Member of the Virginia Senate
- Incumbent
- Assumed office January 12, 2011
- Preceded by: Robert Hurt
- Constituency: 19th District (2011–2012) 20th District (2012–2024) 7th District (since 2024)

Personal details
- Born: July 21, 1967 (age 59) Milton, Florida, U.S.
- Party: Republican
- Alma mater: Hampden-Sydney College (BS) University of the District of Columbia (JD)
- Committees: Agriculture, Conservation and Natural Resources Judiciary Local Government
- Website: Official website

= Bill Stanley (politician) =

American politician from Virginia

William M. Stanley Jr. (born July 21, 1967) is an American politician. A Republican, he was elected in 2011 to the Senate of Virginia for the 7th district. The 7th district includes the cities of Galax and Martinsville, Henry and Patrick counties, part of the city of Danville, and parts of five other Southside Virginia counties.

==Early life, education, business career==
Stanley was born in Milton, Florida, the son of a United States Navy aviator. The family purchased a home Franklin County, Virginia after his father retired in 1983. Stanley received a B.S. degree from Hampden-Sydney College, and a J.D. from the District of Columbia School of Law. He joined the Northern Virginia law firm of Gilbert Davis, where he was involved in Paula Jones' sexual harassment lawsuit against President Bill Clinton. In 1999 he moved back to Franklin County and began to practice law there.

He co-owns a Modified team with former NASCAR driver, professional wrestler and politician Hermie Sadler that competes in the SMART Modified Tour and NASCAR Whelen Modified Tour.
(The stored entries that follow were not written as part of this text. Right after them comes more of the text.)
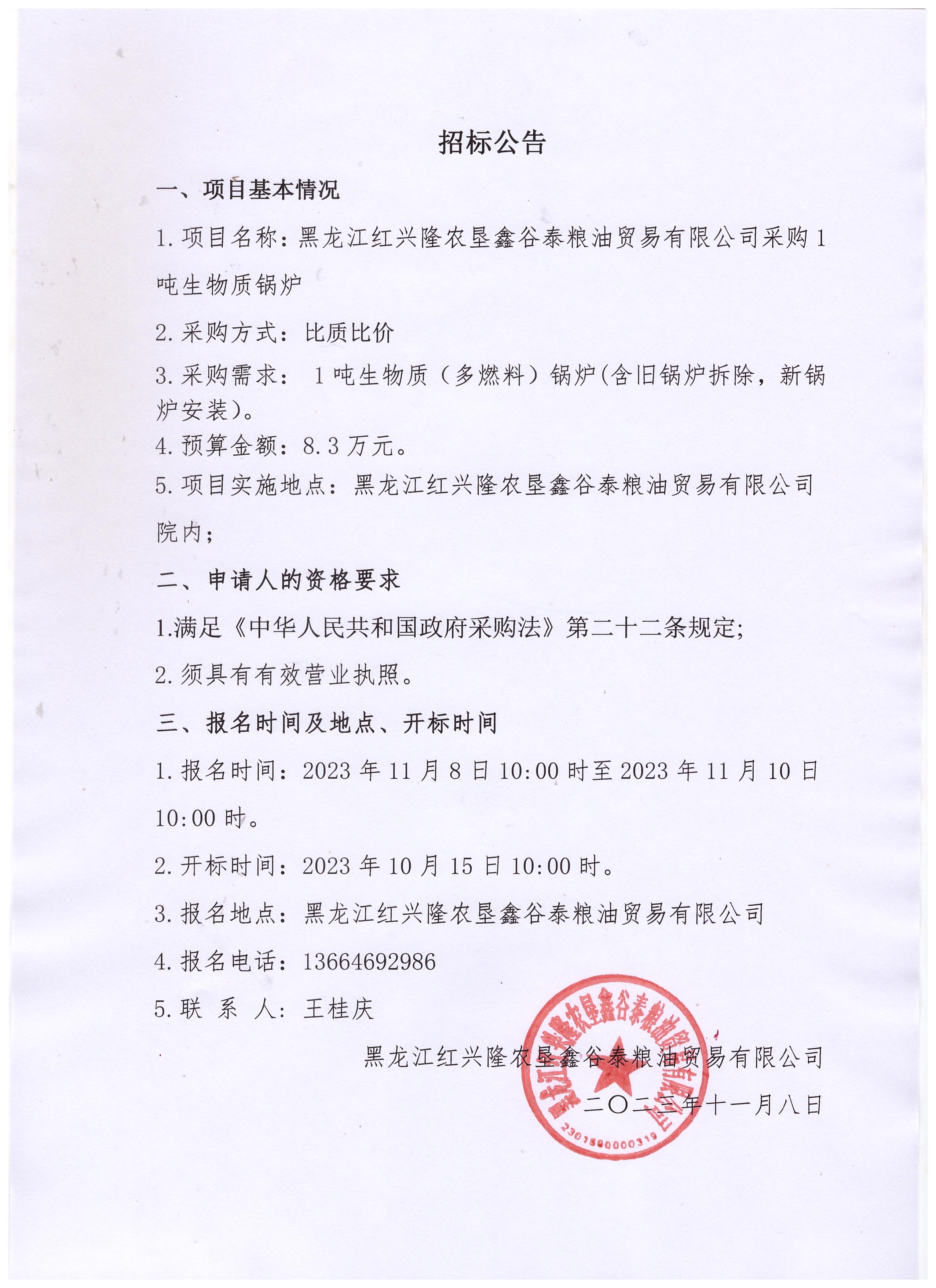 黑龍江紅興隆農(nóng)墾鑫谷泰糧油貿(mào)易有限公司采購1噸生物質(zhì)鍋爐招標公告
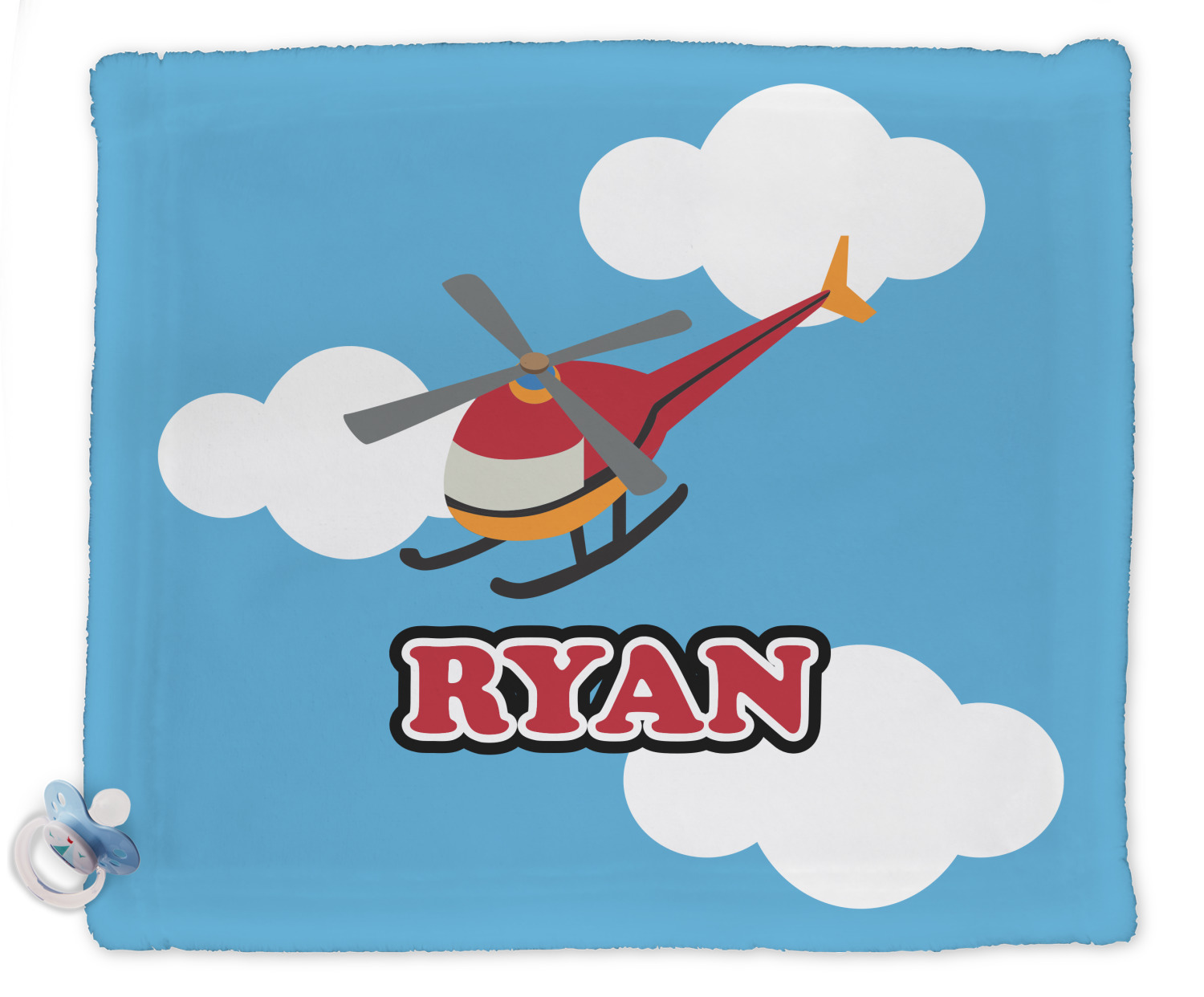 Calling all aviation enthusiast! Soaring through on a backdrop of a beautiful blue cloudy sky is our fun flying helicopter brightly colored in shades of reds and oranges. Don't forget to add that special touch by customizing the design with the name of your choice.
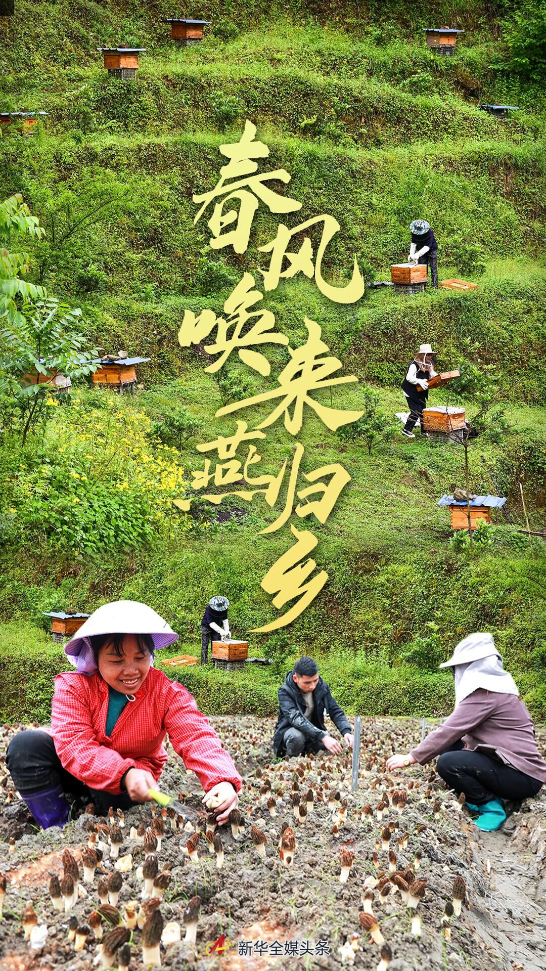 4月2日,农户在贵州省剑河县革东镇麻栗村的羊肚菌基地大棚采摘羊肚菌。新华社发(杨家孟 摄)
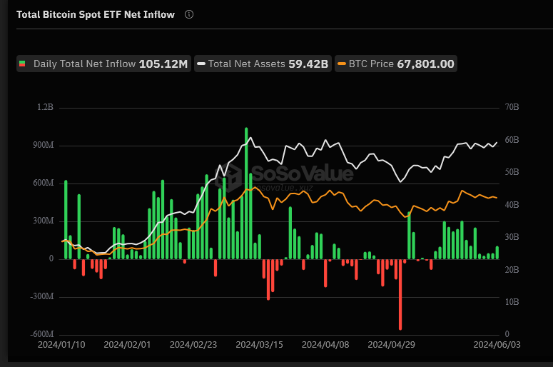 في الوقت نفسه، شهدت صناديق ETF بيتكوين الفوري في الولايات المتحدة تدفقات صافية إيجابية للأسبوع الخامس عشر على التوالي، حيث أضافت 105.12 مليون دولار في يوم واحد. وقد جذبت هذه الصناديق الـ 11 أكثر من 2.28 مليار دولار من التدفقات خلال هذه الفترة، ليصل إجمالي التدفقات الصافية حتى الآن إلى 13.96 مليار دولار.
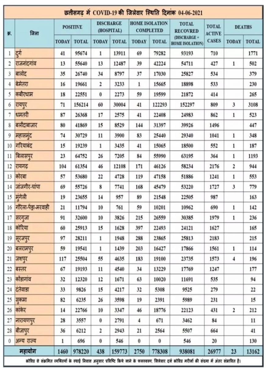 रायपुर। कोरोना वायरस को लेकर छत्तीसगढ़ स्वास्थ्य विभाग ने मेडिकल बुलेटिन जारी किया बुलेटिन के मुताबिक प्रदेश में आज 1,460 नए कोरोना पॉजिटिव मरीज़ों की पहचान हुई वहीं 3,188 मरीज़ स्वस्थ होने के उपरांत डिस्चार्ज/रिकवर्ड हुए है और 23 कोरोना मरीजों की इलाज के दौरान  मृत्यु हुई जिला वार जानकारी के लिए सूची देखें :-
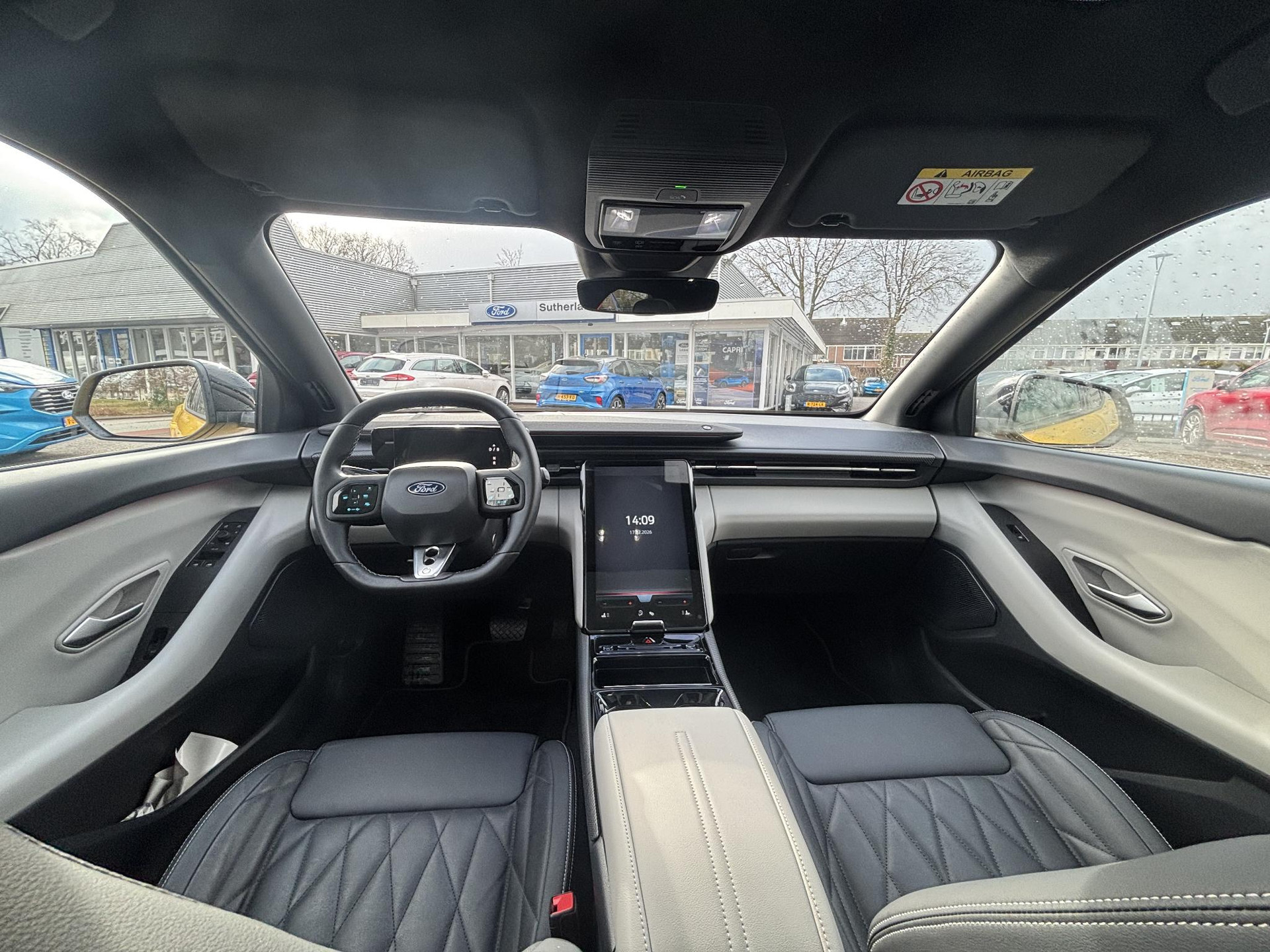 Aan boord van deze Ford houden verschillende geavanceerde systemen voor u de weg in de gaten. Ze waarschuwen u voor noodsituaties en kunnen in een aantal gevallen ook zelf ingrijpen. Een veilige rit voor ogen: daarvoor zorgt de head-up display! U rijdt ook veiliger omdat deze auto voor u de verkeersborden langs de weg kan lezen. De belangrijkste borden worden op uw instrumentarium geprojecteerd, zodat u ze niet kunt missen. Met het Lane-keeping systeem komt u nooit per ongeluk buiten de rijstrook. Verder is deze auto uitgerust met dodehoekdetectie, forward collision warning system, vermoeidheidsherkenning en autonoom remsysteem.
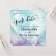 This distinctive card could be the perfect way to announce that your wedding date has been changed. The background has been covered in a dreamy watercolor wash in hues of aqua, turquoise and light purple. Overlaying that is a partially-opaque heart with a vintage painted watercolor white surface that enables your background colour to show through. I've used a distinctive modern font with swirling accents to create a graphic depicting the words "new date" which is positioned at the top, quite large. Use template fields to add your personal details and update the placeholder message as needed. I'm happy to help with customisation if you need assistance. // 57 //
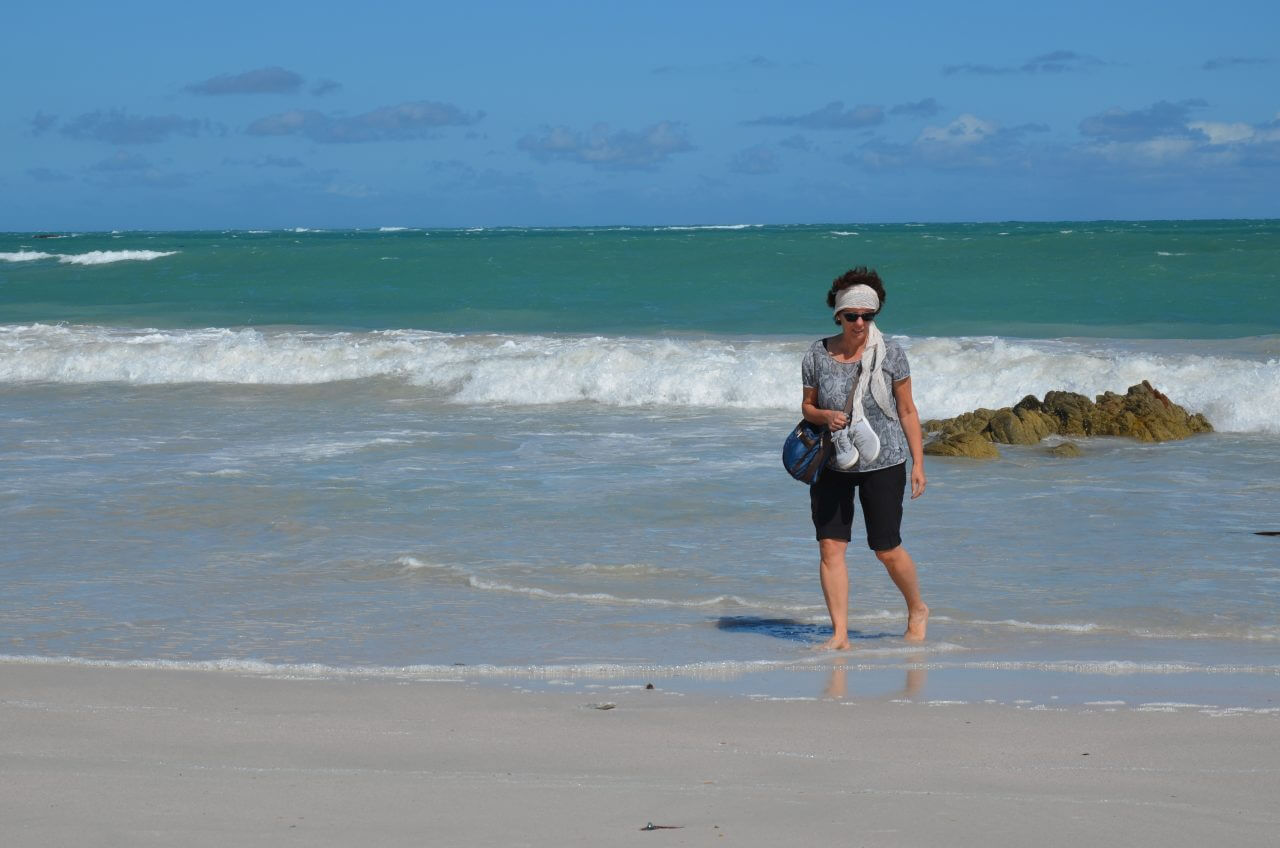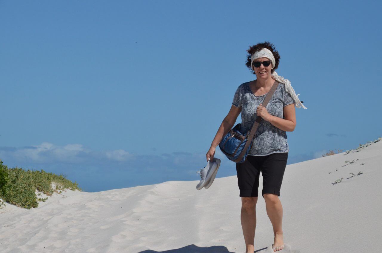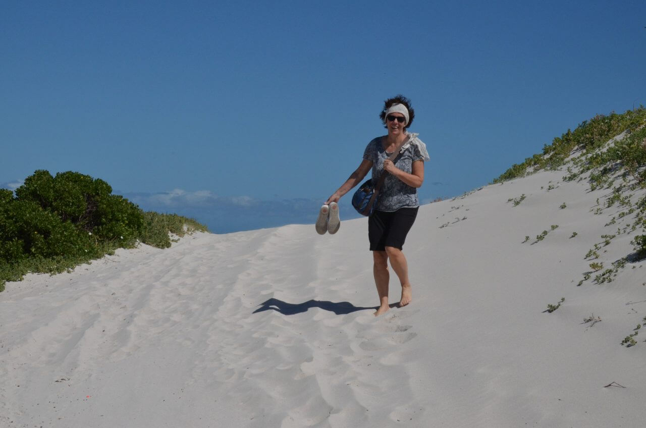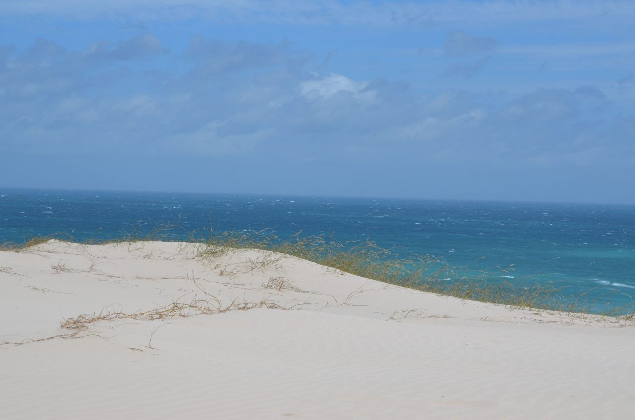 Dann fahren wir weiter an den Strand zu den weißen Dünen. Mühsam kämpfen wir uns einen Weg durch den weißen Sand, der Wind hat leider kein bisschen nachgelassen und so sind wir nach einer kurzen Wanderung völlig gepudert…..Die Landschaft ist wunderschön, wir können uns gar nicht satt sehen, allerdings zerrt der sturmartige Wind ganz schön und macht es sehr anstrengend. So haben wir heute an diesem besten Hotspot zur Walbeobachtung auch kein Glück. Bei diesem Wellengang, sind selbst diese großen Tiere nicht zu erkennen.
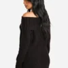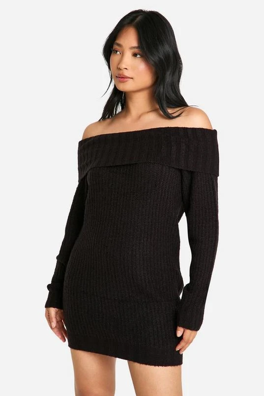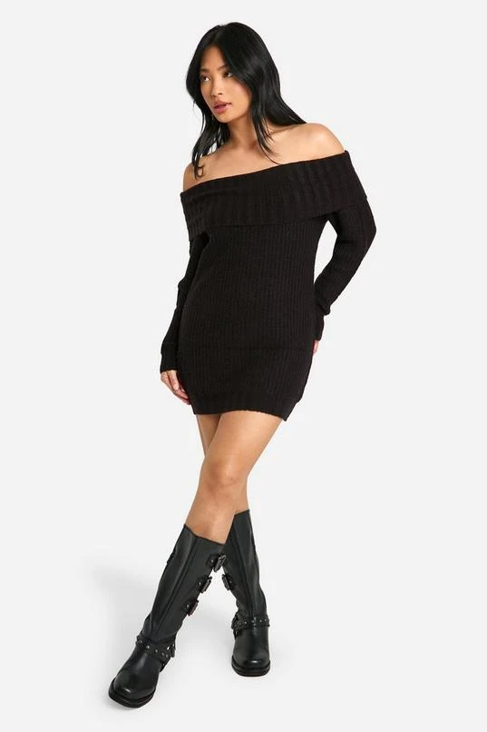 BOOHOO Petite Wide Rib Off The Shoulder Neckline Mini Sweater Dress
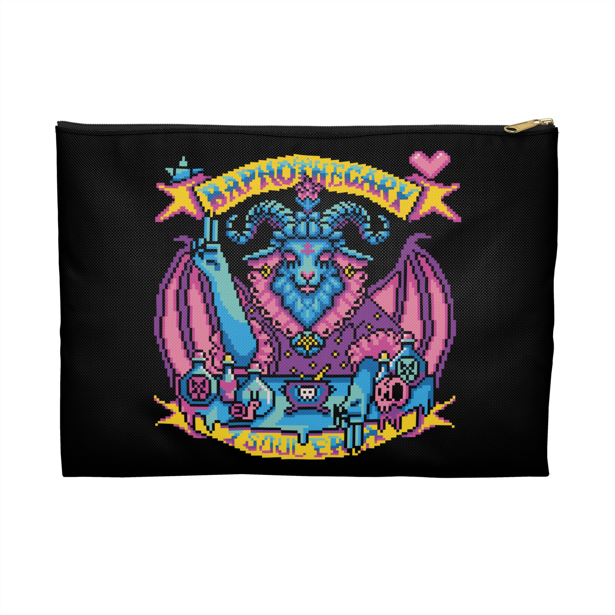 Say hello to your new craft-fueled chaos dealer. The Baphothecary Project Bag features a pixel-perfect potion-slinging Baphomet with glam rock eyeliner, bubblegum colors, and zero chill. Surrounded by enchanted bottles, tiny demons, and questionable herbs, this goat is ready to organize your projects and summon good vibes.
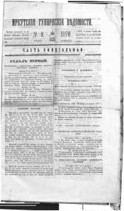 Описание Иркутские губернские ведомости . - Иркутск : Иркутское губернское правление , 1857- 1870, № 8. - 8 с. . 1. История - Периодические издания - Россия ББК 63.3(28-8Ирк)522я51 Источник копии: Иркутская ОГУНБМесто хранения оригинала: Иркутская ОГУНБ Издательство Иркутское губернское правление Объект в каталогах История В коллекциях Отечественная периодика в фонде Президентской библиотеки → Газеты → И → Иркутские губернские ведомости. Иркутск. → 1870
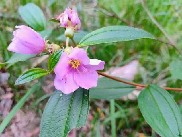 Melastoma malabathricum, (Blue Tongue / Native Lasiandra – small bushy shrub to 2 metres), has large pink – mauve flowers throughout the year and edible blue – black fruit. It attracts birds, bees and butterflies such as Hypochrysops miskini (Miskin Jewel Butterfly) and provides bush tucker.
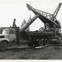 3 of 8 of a series of photographs showing a prototype boom unloading logs from a logging truck at Gales Peak Lumbermill. In this picture the boom is positioned over the logs on an International Harvester logging truck. A log is being removed from the truck. This picture demonstrates how the underside of the boom can control the log and keep it from swinging. This boom, produced by Wallace Dozers in Forest Grove, became the “Heel Boom” known throughout the Northwest for its advantages over older style booms in loading and unloading logging trucks.

In 2024, The team won their first championship in the SMART Modified Tour with Luke Baldwin.

==Political career==
Stanley was elected Franklin County Republican Committee chair in 2008, and Virginia's 5th Congressional District Republican Committee chair in 2010.

In 2009, Stanley's home in Franklin County was shifted into the neighboring 20th District of incumbent Democrat Roscoe Reynolds. Stanley ran in the 20th and defeated Reynolds, 23975 (46.8%)-23331 (45.54%). W. Jeff Evans, the 2007 Republican candidate, ran as an independent, finishing third with 7.58% of the vote.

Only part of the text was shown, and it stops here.